MSR-SPLAT Overview for F# (.NET NLP)

Some weeks ago, Microsoft Research announced NLP toolkit called MSR SPLAT. It is time to play with it and take a look what it can do.

Statistical Parsing and Linguistic Analysis Toolkit is a linguistic analysis toolkit. Its main goal is to allow easy access to the linguistic analysis tools produced by the Natural Language Processing group at Microsoft Research. The tools include both traditional linguistic analysis tools such as part-of-speech taggers and parsers, and more recent developments, such as sentiment analysis (identifying whether a particular of text has positive or negative sentiment towards its focus)

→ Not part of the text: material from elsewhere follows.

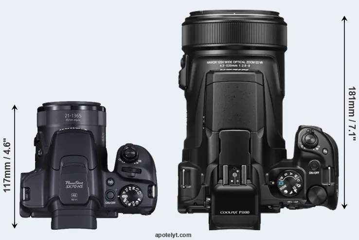 The physical size and weight of the Canon SX70 and the Nikon P1100 are illustrated in the side-by-side display below. The two cameras are presented according to their relative size. Three consecutive views from the front, the top, and the rear side are shown. All size dimensions are rounded to the nearest millimeter.

SPLAT has a nice Silverlight DEMO app that lets you try all available functionality.

splat-demo

SPLAT also has WCF and RESTful endpoints, but if you want to use them, you need to request an access key(please email to Pallavi Choudhury). For more details, please read an overview article “MSR SPLAT, a language analysis toolkit“.

Important links:

Test Drive

I have received my GUID with example of using Json service from C# that you can find below.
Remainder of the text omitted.